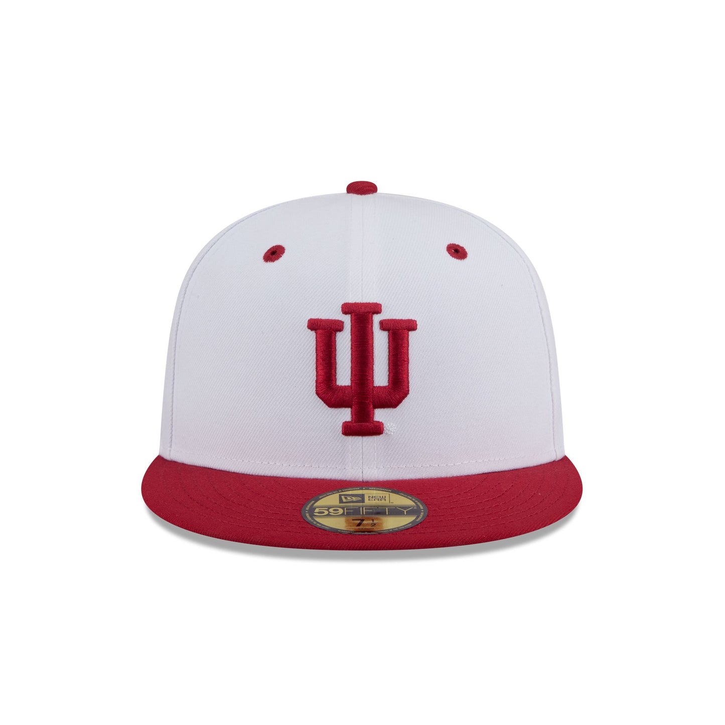 The New Era x adidas Indiana Hoosiers White 59FIFTY Fitted Cap features an embroidered Hoosiers logo at the front panels with a team graphic at the rear and a gray undervisor.
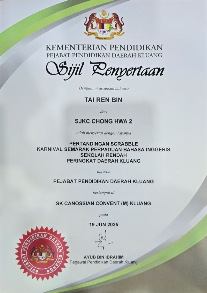 Tempat | : | SK CANOSSIAN CONVENT (M) KLUANG |
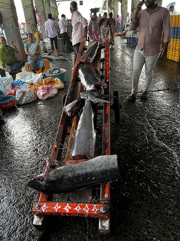 Sassoon Dock Fish Market, Dismembered swordfish being hauled away Published March 8, 2024, 8:00 at 600 × 800 in At the Sassoon Dock Fish Market (Bombay, January-February 2024) ← Previous Next →
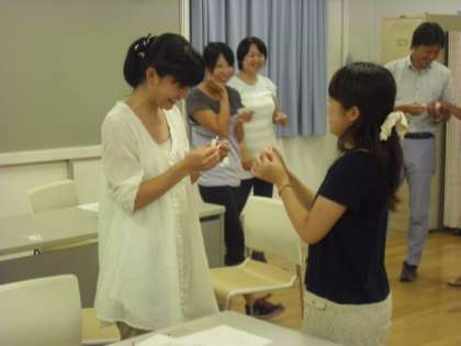 カードの示し方や、ラッキーセブン(2人組で7を作るゲーム)、紙に書かれたものは誰が好きなものかを当てるゲームなど、どれも、外国語活動や英語活動の指導に活用できるものでした。
★ ★ ★ ★ ★ ★ ★
__PROBLEM TO SOLVE__
Return every line shown above without changing a word, and skip the pictures.

__FINISHED TASK__
 The New Era x adidas Indiana Hoosiers White 59FIFTY Fitted Cap features an embroidered Hoosiers logo at the front panels with a team graphic at the rear and a gray undervisor.
 Tempat | : | SK CANOSSIAN CONVENT (M) KLUANG |
 Sassoon Dock Fish Market, Dismembered swordfish being hauled away Published March 8, 2024, 8:00 at 600 × 800 in At the Sassoon Dock Fish Market (Bombay, January-February 2024) ← Previous Next →
 カードの示し方や、ラッキーセブン(2人組で7を作るゲーム)、紙に書かれたものは誰が好きなものかを当てるゲームなど、どれも、外国語活動や英語活動の指導に活用できるものでした。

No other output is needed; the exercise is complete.